CRISIL Reaffirms Lincoln Pharmaceuticals' Credit Rating at 'CRISIL A/Stable' and 'CRISIL A1'
CRISIL has reaffirmed Lincoln Pharmaceuticals' long-term rating at 'CRISIL A/Stable' and short-term rating at 'CRISIL A1' for its Rs 102 crore bank facilities. The company maintains a robust financial profile with zero debt and a healthy net worth of Rs 671 crore as of March 31, 2025. Revenue grew by 14% YoY to Rs 623 crore in FY25, supported by a strong export presence contributing 60-65% of total sales.
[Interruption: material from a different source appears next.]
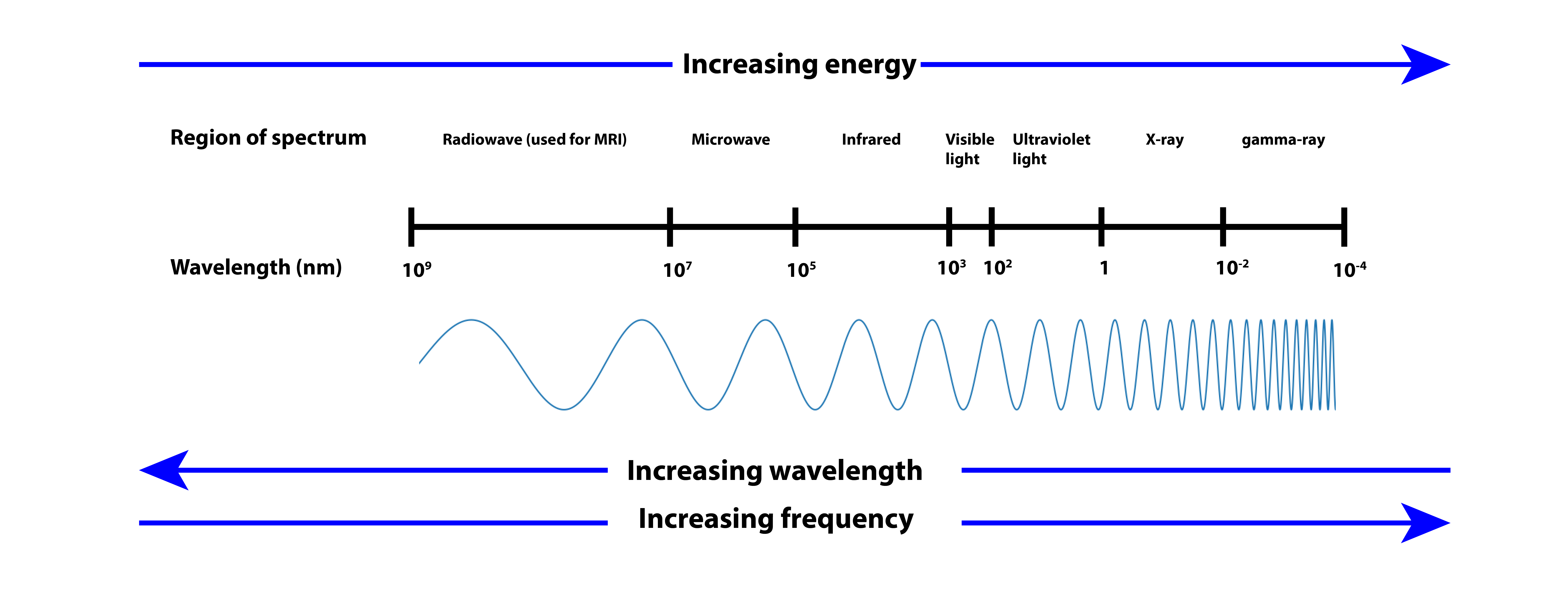 The ideas supporting photobiomodulation relate to the known biological effects of photons (light) of distinct wavelengths on living matter (Figure 1). For example, visible light is important in regulating the circadian rhythm and sleep / alertness patterns; a specific range of ultraviolet radiation (in sunshine) is necessary for the biosynthesis of vitamin D (hence known as the sunshine vitamin) but ultraviolet radiation is also responsible for the ageing of skin and the development of skin malignancies. Photobiomodulation employs radiation in the visible red light to near-infrared range (Figure 1), photons with such wavelengths can be produced by lasers or light emitting diodes, LEDs. Radiation in this wavelength region has been shown to penetrate skin and other tissues.

While the liquidity position is strong with Rs 173.1 crore in liquid investments, investors should monitor the increase in loans to affiliates, which rose to Rs 141 crore.
Key Highlights
CRISIL reaffirmed long-term rating at 'CRISIL A/Stable' and short-term rating at 'CRISIL A1' for Rs 102 crore facilities. Company reported zero debt as of March 31, 2025, with a high interest coverage ratio of 91.01 times. Revenue grew 14% year-on-year to Rs 623.23 crore in FY25, driven by 1,700 registered products. Liquid investments in shares, debentures, and mutual funds stood at Rs 173.1 crore. Loans and advances to affiliates increased to Rs 141 crore from Rs 104 crore in the previous year.
💼 Action for Investors The reaffirmation of ratings and zero-debt status highlights the company's strong solvency and financial health. Investors should remain positive but monitor the rising loans to affiliates and the working capital cycle.